We know that the law of $$\tau_b := \inf\{ t >0 : B_t \geq b\} ,$$ where $b>0$ and $B$ is a standard Brownian motion, is given by a certain computable density, which is uniquely determined by $b$.
If we replace $b$ by a continuous function $b: [0,\infty) \to [0,\infty]$ and redefine $\tau_b$ as $$\tau_b := \inf\{ t >0 : B_t \geq b(t) \}$$ I would guess that $b$ also should uniquely determine the law of $\tau_b$.
Edit: What I mean with uniquely determination is that I ask whether the implication $b_1 \neq b_2 \Rightarrow$ Law$(\tau_{b_1})$ $\neq$ Law$(\tau_{b_2})$ is true.

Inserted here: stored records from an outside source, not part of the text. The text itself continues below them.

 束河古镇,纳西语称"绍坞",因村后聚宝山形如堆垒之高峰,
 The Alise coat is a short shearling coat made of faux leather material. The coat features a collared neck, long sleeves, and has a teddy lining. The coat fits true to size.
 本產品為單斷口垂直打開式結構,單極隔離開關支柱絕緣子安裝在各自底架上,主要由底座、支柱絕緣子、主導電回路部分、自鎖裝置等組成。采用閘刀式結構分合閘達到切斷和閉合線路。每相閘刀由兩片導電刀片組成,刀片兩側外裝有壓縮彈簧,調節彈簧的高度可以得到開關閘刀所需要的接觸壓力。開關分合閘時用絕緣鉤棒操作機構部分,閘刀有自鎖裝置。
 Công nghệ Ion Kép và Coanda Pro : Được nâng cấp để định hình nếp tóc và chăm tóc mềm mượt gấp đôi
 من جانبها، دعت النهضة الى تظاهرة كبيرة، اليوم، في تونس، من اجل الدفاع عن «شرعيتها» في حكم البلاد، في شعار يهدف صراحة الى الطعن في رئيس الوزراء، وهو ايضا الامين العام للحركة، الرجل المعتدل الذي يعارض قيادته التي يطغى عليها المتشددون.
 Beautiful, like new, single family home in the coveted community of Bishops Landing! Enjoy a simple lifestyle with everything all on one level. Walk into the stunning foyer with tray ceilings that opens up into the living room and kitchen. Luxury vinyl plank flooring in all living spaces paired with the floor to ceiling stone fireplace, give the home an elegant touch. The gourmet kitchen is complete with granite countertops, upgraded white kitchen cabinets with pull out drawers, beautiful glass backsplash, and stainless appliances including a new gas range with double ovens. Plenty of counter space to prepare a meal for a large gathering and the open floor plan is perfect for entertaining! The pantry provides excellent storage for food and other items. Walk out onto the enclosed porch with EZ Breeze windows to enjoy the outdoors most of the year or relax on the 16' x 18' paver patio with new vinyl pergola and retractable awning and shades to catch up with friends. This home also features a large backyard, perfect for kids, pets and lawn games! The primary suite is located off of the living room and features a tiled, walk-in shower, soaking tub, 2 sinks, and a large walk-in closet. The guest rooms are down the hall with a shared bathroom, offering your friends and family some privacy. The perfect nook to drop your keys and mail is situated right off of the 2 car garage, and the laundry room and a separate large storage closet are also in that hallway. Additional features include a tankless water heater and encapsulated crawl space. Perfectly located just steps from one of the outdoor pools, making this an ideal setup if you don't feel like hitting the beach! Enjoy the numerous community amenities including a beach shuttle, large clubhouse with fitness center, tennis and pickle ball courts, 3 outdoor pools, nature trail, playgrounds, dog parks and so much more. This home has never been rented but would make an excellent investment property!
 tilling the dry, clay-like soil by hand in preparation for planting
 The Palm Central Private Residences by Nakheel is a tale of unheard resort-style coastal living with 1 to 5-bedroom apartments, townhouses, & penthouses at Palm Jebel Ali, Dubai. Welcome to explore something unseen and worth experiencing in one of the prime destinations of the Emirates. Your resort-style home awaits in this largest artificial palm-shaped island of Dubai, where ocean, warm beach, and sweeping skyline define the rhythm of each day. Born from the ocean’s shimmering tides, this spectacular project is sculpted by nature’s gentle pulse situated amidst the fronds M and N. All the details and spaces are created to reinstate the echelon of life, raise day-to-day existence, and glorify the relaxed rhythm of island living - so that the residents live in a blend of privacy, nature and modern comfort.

So that ($b$ $\mapsto$ law of $\tau_b$) is injective
I am not asking for a solution, I want to think about it by myself, but I don't know how to approach. Any hint, comment, idea or reference is appreciated.
Edit2: The question from the first edit is called the inverse first-passage time problem for Brownian motion. These papers [1] [2] show indirectly that, if $b_1$ and $b_2$ are lower semicontinuous functions with $$\exists 0< t \leq \max (T^{b_1},T^{b_2}): b_1(t) \neq b_2 (t), $$ where $$T^{b_i} := \inf\{t> 0 : b_i(t) = -\infty \},$$ then Law$(\tau_{b_1})$ $\neq$ Law$(\tau_{b_2})$.
Let $\tau^X_b$ denote hitting time of $b$ for process $X$, that is $\tau^X_b = \inf\{t: X_t = b(t)\}$ and $b$ be absolutely continuous, that is $b(t) = b_0 + \int_0^t f(s)ds$.
$ \newcommand{\ang}[1]{\left\langle #1 \right\rangle} $
Process $$ X_t = B_t - \ang{B, L}_t = B_t - \ang{B, \int f(s)dB_s}_t = B_t - \int_0^tf(s)ds $$ is a brownian motion w.r.t. measure $\mathbb{Q}_T$ defined of $\mathcal{F}_T$ such as $$ d\mathbb{Q}_T = \mathcal{E}(L)_T\ d\mathbb{P} = \exp({L_T-\frac12\langle L\rangle_T})d\mathbb{P} = \exp\left(\int_0^T f(t)dB_t-\frac12 \int_0^Tf(t)^2dt \right) d\mathbb{P} $$ due to Girsanov theorem. Then it follows $$ \mathbb{P}(\tau^B_b \leq t) = \mathbb{Q}_t(\tau^X_b \leq t) = \mathbb{Q}_t(\tau^B_{b_0} \leq t) = \mathbb{E}\left[1_{\tau^B_{b_0} \leq t}\mathcal{E}(L)_t\right]. $$
Some rules about how $b$ influences $\tau^B_b$ might be extracted from this.
Correct me if I am wrong as this result seems suspicious, e.g. consider $f = 1_{(0,1)} - 1_{(1,2)}$ and $-f$.